Add Book to My BookshelfPurchase This Book Online

Chapter 2 - Utility Routines

UNIX Systems Programming for SVR4
David A. Curry
 Copyright © 1996 O'Reilly & Associates, Inc.

Parsing Command-Line Arguments
Almost every UNIX command has arguments, and most commands follow a generally accepted set of rules for how these arguments are formatted:
 1.Command names must be between two and nine characters long.
 2.Command names must include only lowercase letters and digits.
 3.Option names must be one character long.
 4.You must precede all options with a dash ().
 5.You can group options with no arguments after a single dash (). This means that you can use either -a -b -c or -abc.
 6.You must precede the first option argument following an option with a tab or space character. This means that you must use -a arg; -aarg is illegal.
 7.Option arguments cannot be optional. This means that you cannot allow both -a and -a arg.
 8.You must separate groups of option arguments following an option by commas or by space or tab characters and quotes. This means that you must use either -a xxx,yyy,zzz or -a “xxx yyy zzz”.
 9.All options must precede operands on the command line. This means that command -a -b -c filename is legal, while command -a filename -b -c is not.
 10.You can use a double dash (––) to indicate the end of the options.
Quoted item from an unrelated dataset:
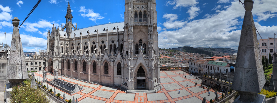 Again, this next panorama takes in the Virgen el Panecillo, but it looks more south/southeast along the roof of the nave of La Compania. That is the Museum of Money to the right.
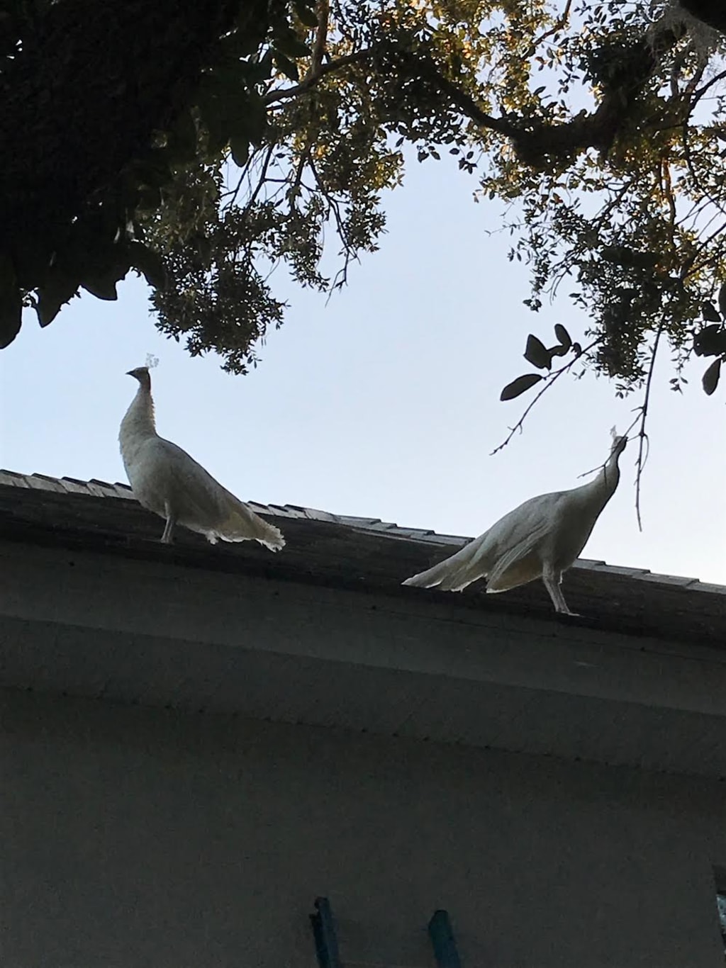 Bonnie and Clyde are peacocks. Snow white peacocks. Quite stunning to see.

This allows operands that begin with a dash.
 11.The order of the options relative to one another should not matter.
 12.The relative order of the operands can affect their significance in ways determined by the command with which they are used. This means that a command is allowed to assign meaning to the order of its operands; for example, the cp command takes its first operand as the input file and its second operand as its output file. Reversing the order of these operands produces different results.
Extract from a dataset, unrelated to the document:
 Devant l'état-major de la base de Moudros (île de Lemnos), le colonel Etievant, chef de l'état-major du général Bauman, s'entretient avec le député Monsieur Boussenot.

 13.A dash () preceded and followed by a space character should only be used to mean standard input. This tells a program that generally reads from files, such as troff, to read from the standard input. It allows files to be read before processing the standard input.
Depending on how long you've been using UNIX and how many versions you've used, most of these rules, except perhaps number 8, should look familiar. Early versions of System V provided a library routine, getopt, that enforced most of these rules and allowed a program to easily parse command lines that followed the rules. Later versions provided a shell command, getopt, which enabled shell scripts to use these rules as well.
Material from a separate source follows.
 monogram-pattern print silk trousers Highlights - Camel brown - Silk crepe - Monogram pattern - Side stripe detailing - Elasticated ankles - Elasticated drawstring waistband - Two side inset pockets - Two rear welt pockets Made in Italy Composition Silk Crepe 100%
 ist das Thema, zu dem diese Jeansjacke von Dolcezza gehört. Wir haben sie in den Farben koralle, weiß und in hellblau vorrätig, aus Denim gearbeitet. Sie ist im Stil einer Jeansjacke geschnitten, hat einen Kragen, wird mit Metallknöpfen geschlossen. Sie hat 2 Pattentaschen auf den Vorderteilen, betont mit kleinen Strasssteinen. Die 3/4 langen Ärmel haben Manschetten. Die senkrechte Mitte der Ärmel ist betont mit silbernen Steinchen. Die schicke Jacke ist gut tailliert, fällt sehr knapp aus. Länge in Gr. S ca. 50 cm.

In SVR4, the getopt command is available, as well as a newer command that is built in to the shell, called getopts. Two library routines are provided as well: getopt, which enforces the rules described previously and parses command lines that follow these rules, and getsubopt, which enforces rule number 8 and parses option arguments that follow that rule. These functions are called as follows:
      #include <stdlib.h>
      int getopt(int argc, char * const *argv, const char *optstring);
      extern char *optarg;
      extern int optind, opterr, optopt;
      int getsubopt(char **optionp, const char * const *tokens, char **valuep);
optstring contains a list of characters that are legal options for the command. If the option letter is to be followed by an option argument, then the letter should be followed by a colon (:) in optstring.
When getopt is called, it returns the next option letter in argv that matches one of the letters in optstring. If the option letter has an argument associated with it (as indicated by a colon character in optstring), getopt sets the external variable optarg to point to the option argument.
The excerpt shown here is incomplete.